Beasts of Extraordinary Circumstance
by Ruth Emmie Lang

St. Martin’s Press, 2017; 347 pp
Reviewed by Sarah J. Schlosser

 

Part pastoral tale, part self-reviled magic, part love letter to modern isolation, Beasts of Extraordinary Circumstance is a rich and many times funny novel about a young man raised by wolves who leaves them behind to venture into the world of humanity on occasion. As Weylyn Grey grows from a boy to a man the reader is introduced to his many talents through the voices of acquaintances, friends, and adoptive family members; Weylyn is perceived to magical powers that allow him to “control” nature, but as the story unfolds his “powers” are found to be uncontrollable, and he often inadvertently hurts those who he loves most.

As a result of his capacity for harm, Weylyn often withdraws into self-imposed isolation, coming and going in humanity just enough to stave off loneliness and keep those around him as safe as he can. This sort of lifestyle starts him off blissfully ignorant of all things human, until he is introduced to reading by his butcher’s daughter Mary as a boy (with the book To Kill a Mockingbird) and then adopted by a minister when his wolf family is exterminated (the minister sends him to a sort of boys’ finishing school), and then catches back up with Mary when his foster mother dies while he is in college (where he helps Mary with her biology experiments as he works a side gig as a hurricane tamer). Weylyn isn’t halcyon perfect or a noble savage; as he gets more of humanity under his belt, he gains a greater capacity for reactive emotion, which poses challenges with him controlling his temper or anxiety so that he doesn’t create blizzards, new forests, or conspicuous beehive honey production. He somehow keeps his wonder, however, and is the most frustrated when those around him try to impose snark or jaded judgment; at one point he asks Mary, “Why do you . . . (t)ake something beautiful and vandalize it with skepticism?” She is instantly contrite in spite of being defensive, and this contrition of many of the people that Weylyn meets over the course of his life, until he himself reaches that bitter place of humanity as well:

“Wow. Who made you so bitter?”

Weylyn looked up at me hesitantly, unsure of whether to continue. “After my parents died, when I lived with my wolf family, I played this game where I’d pretend to have a problem and someone would fix it for me like. . . . You know, just simple stuff. I never fantasized that they wanted to adopt me and take me back to their horse ranch with a swimming pool and trampoline or anything crazy like that. I was just so tired of having to figure everything out for myself that I wanted someone to help me, even if it was with some stupid, insignificant problem I was having.

“Then I met this . . . girl. She would sit with me and we’d talk, and she taught me how to read. I loved my wolf family, but she reminded me of how good it felt to connect with another human being.”
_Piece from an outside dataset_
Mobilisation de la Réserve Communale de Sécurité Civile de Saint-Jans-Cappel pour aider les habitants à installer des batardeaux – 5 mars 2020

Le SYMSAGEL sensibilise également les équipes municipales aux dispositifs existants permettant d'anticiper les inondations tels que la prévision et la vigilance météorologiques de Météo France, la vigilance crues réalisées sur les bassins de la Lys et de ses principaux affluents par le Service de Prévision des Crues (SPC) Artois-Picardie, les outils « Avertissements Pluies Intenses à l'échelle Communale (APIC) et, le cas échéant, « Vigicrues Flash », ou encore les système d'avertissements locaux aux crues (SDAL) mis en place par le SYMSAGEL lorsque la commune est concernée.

 . . . I took his hands inside mine and squeezed. “You have all this good inside you, but you give it all away. You don’t keep any for yourself. Why is that?”
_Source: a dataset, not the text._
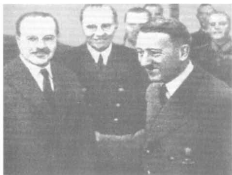
Молотов и Гитлер в Берлине

20 сентября 1939 г. Германские солдаты угощают красноармейцев сигаретами во время встречи на линии раздела Польши

 . . . He squeezed my hands back. “Because it’s not safe with me. Nothing is.”

It was at this particular point in the novel that a kind of allegory (whether intended by the author or not) hit me in relation to modern and/or social media concepts. When most people give a reason for creating social media accounts, they state they did it to connect with other people with similar interests, to feel less alone. Lang deftly presents this gift in a time of evidence of climate change and mass isolation via technology, and the result generates the same or more wonder than if this book hadn’t been a novel and instead an account of true events; Lang, with Weylyn’s help, gives us the gift of the wonder that can be found in each other.